You’re Raising How Much?!?!
This post is an extension of an earlier Founder Coach discussion of when you are ready to raise money for your startup. On that post, I encouraged founders to focus first on revenue and traction, instead of immediately trying to get investors to fund your customer discovery process.
Today I want to elaborate by saying that a small amount of traction does not mean you will be able to raise an institutional Seed round of $1–2MM. I see this way too often from first time founders who have limited experience with venture capital investors. Going around asking for too much money too early is a waste of your time and detracts from your ability to get money from investors in the future.
In another prior post I spoke about valuation for early stage companies, but a good rule of thumb for a Series A is probably something like 10X your annual revenue for tech platforms and more like 3X your revenue for product companies. Maybe your specific industry is different, so do your homework and find a few comps. Don’t just look at the highest performer you can find, search for at least three deals to get a solid picture. Maybe you can get a higher revenue multiple on a Seed round if you are showing phenomenal monthly revenue growth but do the math here. If your company is only making $10K or $20K in monthly revenue, the valuation is going to be below $5MM, possibly a fair bit below.
Generally on a Seed raise, you want to sell about a 10–20% stake in your company. If your valuation is going to be say $4–5MM, then you should be looking to raise something like $500K to $1MM, not $2MM. If you set the valuation too high, you’ll just spin your wheels and not get any money raised. And don’t try to convince me that “it is only a valuation cap on a convertible note or SAFE”, investors will assume your next raise will be above the cap in most circumstances.

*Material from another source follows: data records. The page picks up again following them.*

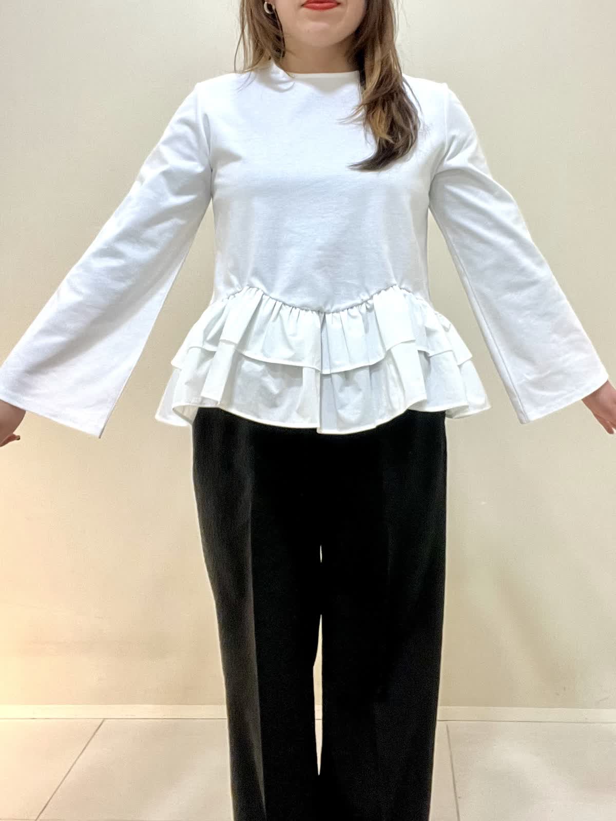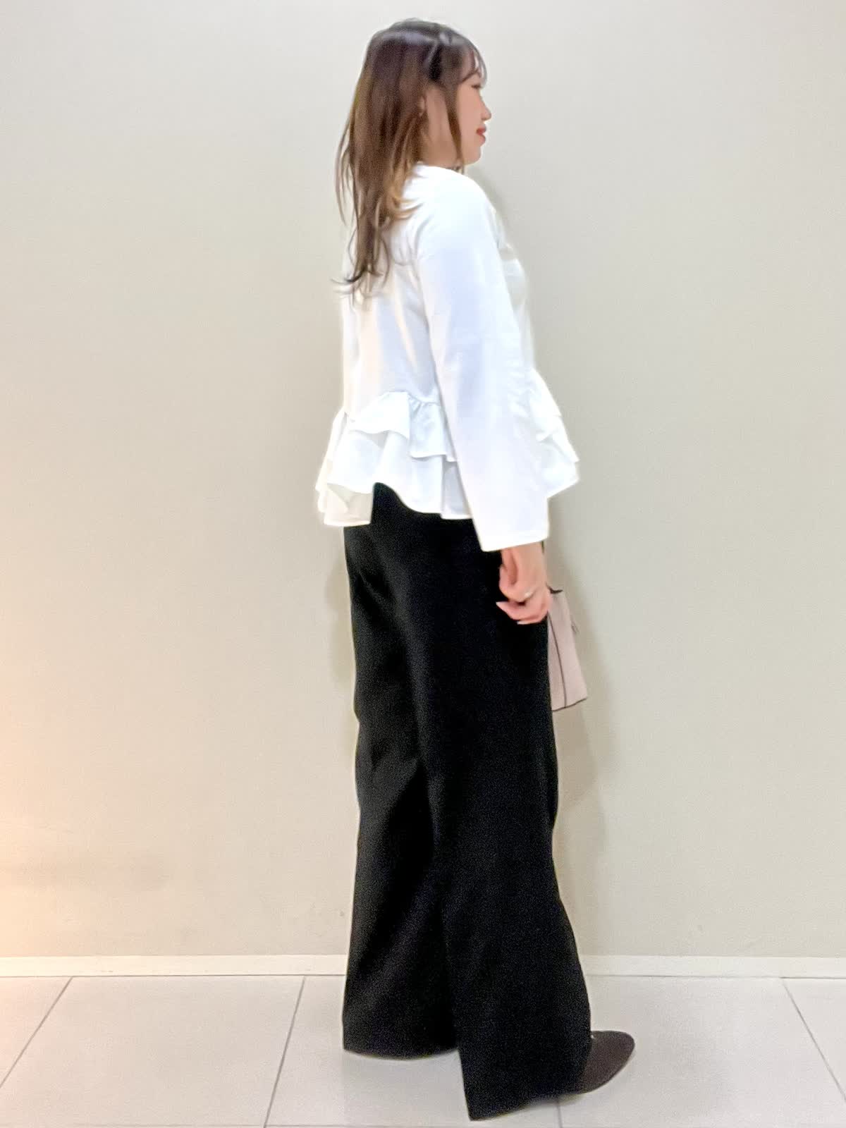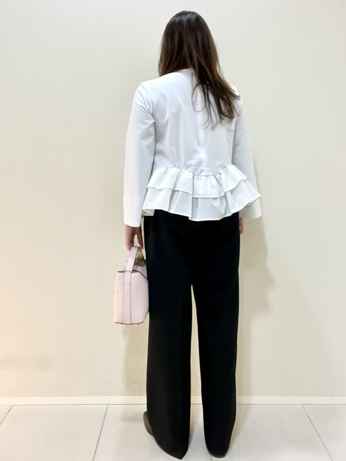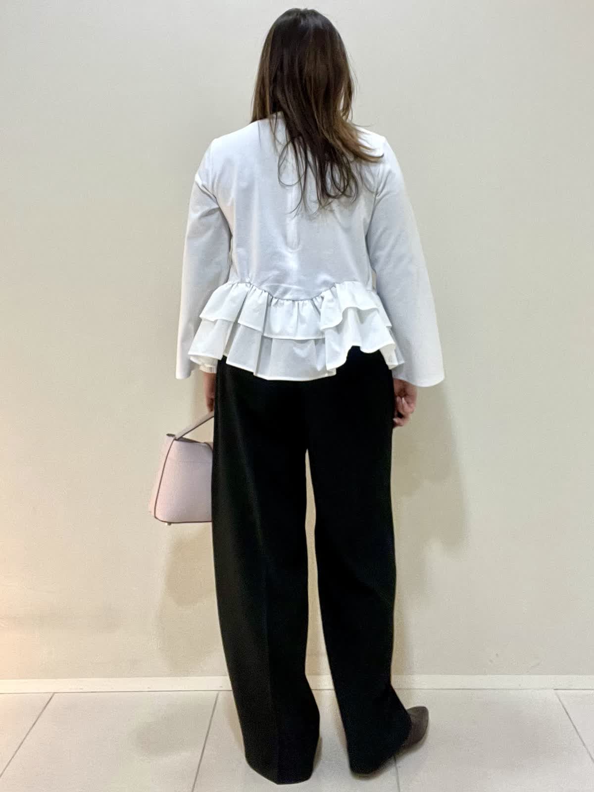 【着用サイズ】カットソー:フリー パンツ:M 【着用カラー】カットソー:オフホワイト パンツ:ブラック バッグ:ピンク お出かけコーデ。コラボSTORYのデザインカットソー。立体的な裾で着るだけで華やかです。ストレッチが効いていて着やすいです。パンツはウエスト総ゴムの綺麗めパンツ。丈が長めなので、ヒールの方が安心して履けそうです。(身長158cm/Mサイズ着用) カットソー×パンツでとてもシンプルですが、それぞれにデザインがあり着るだけでお洒落なアイテムです。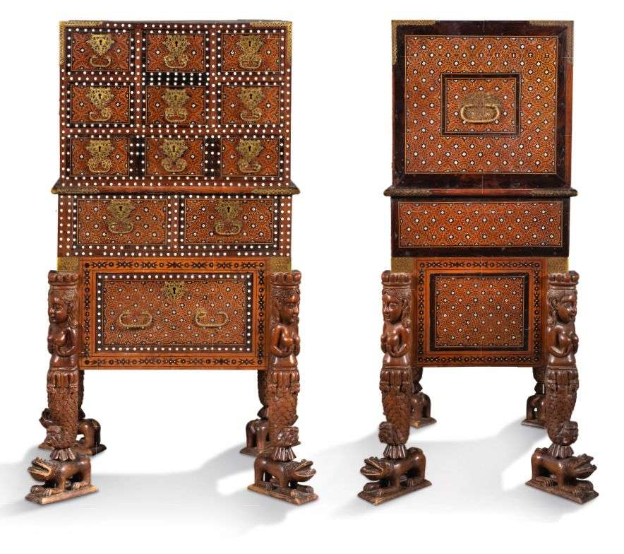 CABINET CONTADOR en bois exotique sculpté et marqueterie d'ébène et os ouvrant à six tiroirs en partie haute et trois tiroirs en partie basse, les poignées en laiton, le piètement antropomorphe figurant des sirènes en espagnolettes reposant sur des chimères.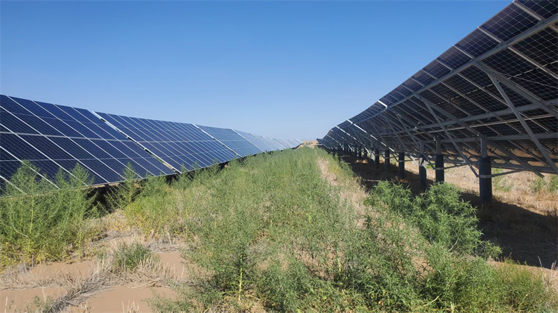 項(xiàng)目年上網(wǎng)電量達(dá)0.960275億千瓦時(shí),每年可節(jié)約標(biāo)準(zhǔn)煤約2.91萬噸、減排二氧化碳約7.9萬噸。隨著生態(tài)的改善,周邊興起了耐沙作物種植產(chǎn)業(yè),農(nóng)戶參與植被管護(hù)、作物種植獲得穩(wěn)定收入,實(shí)現(xiàn)了生態(tài)、經(jīng)濟(jì)、社會(huì)效益統(tǒng)一。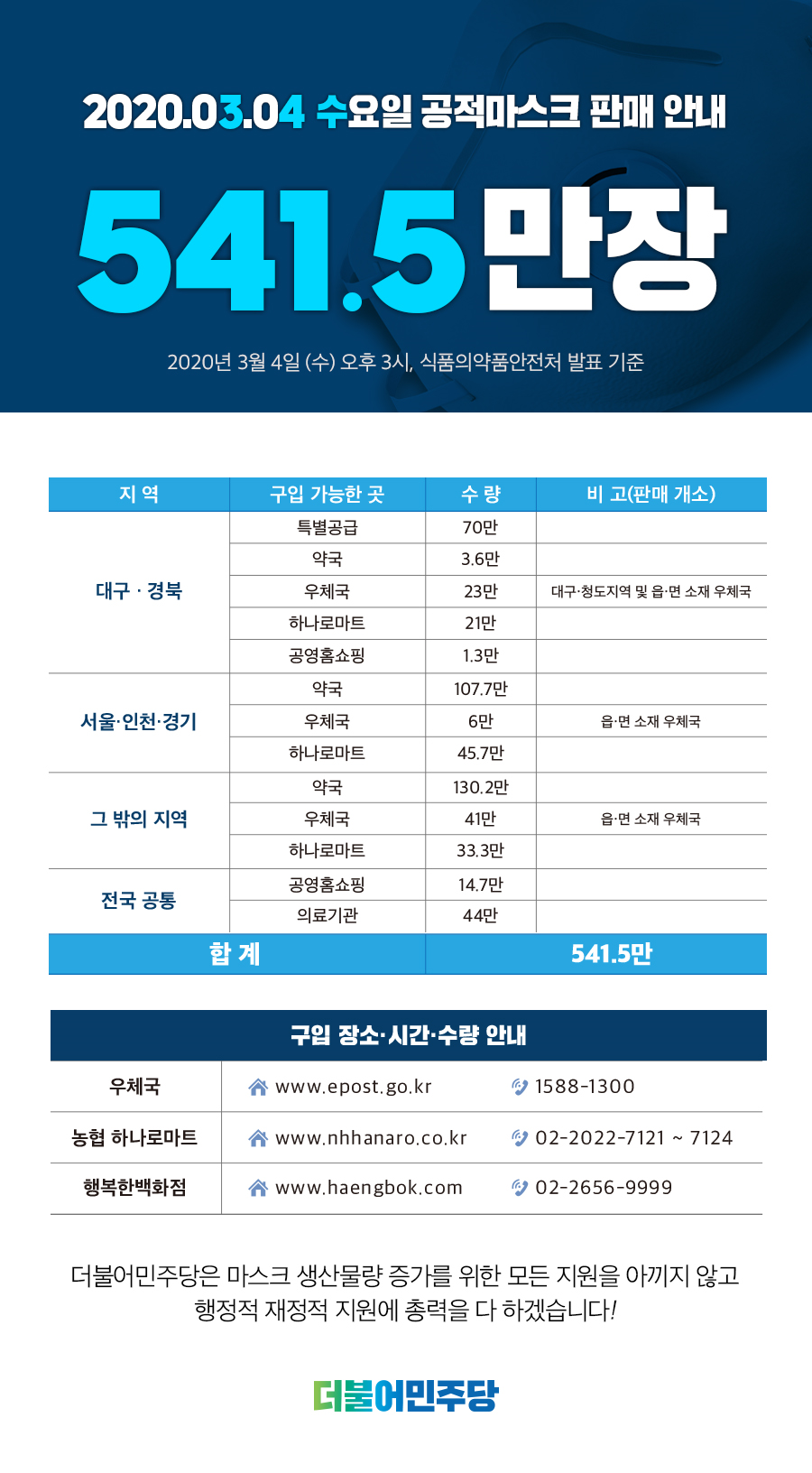3월 4일 공적마스크 "541.5만장" 공급!
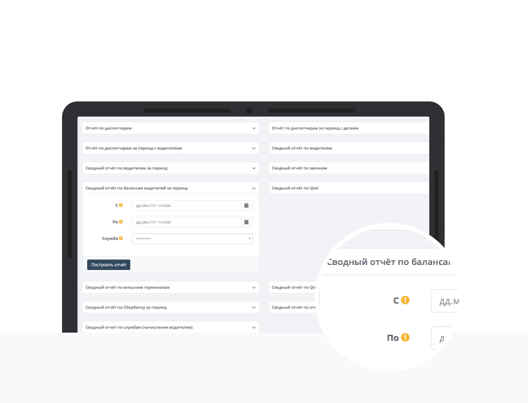 В ПО собрана подробная отчетность для руководителя по заказам такси через программу вашей службы, по сотрудникам и движению средств.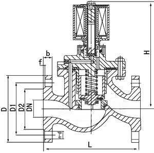 本閥是有副閥和主閥兩大部件構(gòu)成的先導(dǎo)式二次開闊的電磁閥。是靠副閥的啟閉來控制主閥的通斷。根據(jù)斷電時(shí)所處開關(guān)狀態(tài)的不同,可分為常閉電磁閥和常開電磁閥。常閉電磁閥,在段點(diǎn)常位時(shí),副閥口封閉,主閥呈斷路,當(dāng)電訊號(hào)進(jìn)入導(dǎo)閥線圈時(shí),活動(dòng)鐵芯受電磁力作用吸上打開副閥口,主閥閥杯內(nèi)壓力導(dǎo)速消失,介質(zhì)壓力將主閥閥杯托上,開啟主閥,工作介質(zhì)便可流通。但當(dāng)電訊號(hào)消失時(shí),活動(dòng)鐵芯復(fù)位,封閉住副閥口,工作介質(zhì)自平衡孔進(jìn)入閥內(nèi),當(dāng)壓力趨于平衡時(shí),靠主閥彈簧,閥杯自重及介質(zhì)壓力使閥杯下移,嚴(yán)密封住主閥口,閥有呈封閉狀態(tài)。常開電磁閥,在斷電常位時(shí),有彈簧作用,副閥口打開,主閥流通。當(dāng)電訊號(hào)進(jìn)入副閥線圈時(shí),活動(dòng)鐵芯受電磁作應(yīng)吸下,當(dāng)壓力趨于平衡時(shí),靠主閥彈簧、閥杯自重及介質(zhì)壓力使閥杯下移,嚴(yán)密封住閥口,閥門呈關(guān)閉狀態(tài)。當(dāng)主閥斷電時(shí),電磁力消失,副閥找開,主閥杯內(nèi)壓力迅速消失,介質(zhì)壓力將主閥閥杯托上,開啟主閥口,介質(zhì)流通,閥呈開啟狀態(tài)。

You are going to have to figure out how to use a smaller capital raise today to build traction. You need to focus in the early days on building revenue and customer traction so that you can justify a next raise at a higher valuation. Go out to investors with something reasonable, and you will have a better experience raising capital. An ineffective process that drags on for months is going to crush your startup.
Thanks for reading today’s post, I hope this helps you right size your capital raise and have a successful round.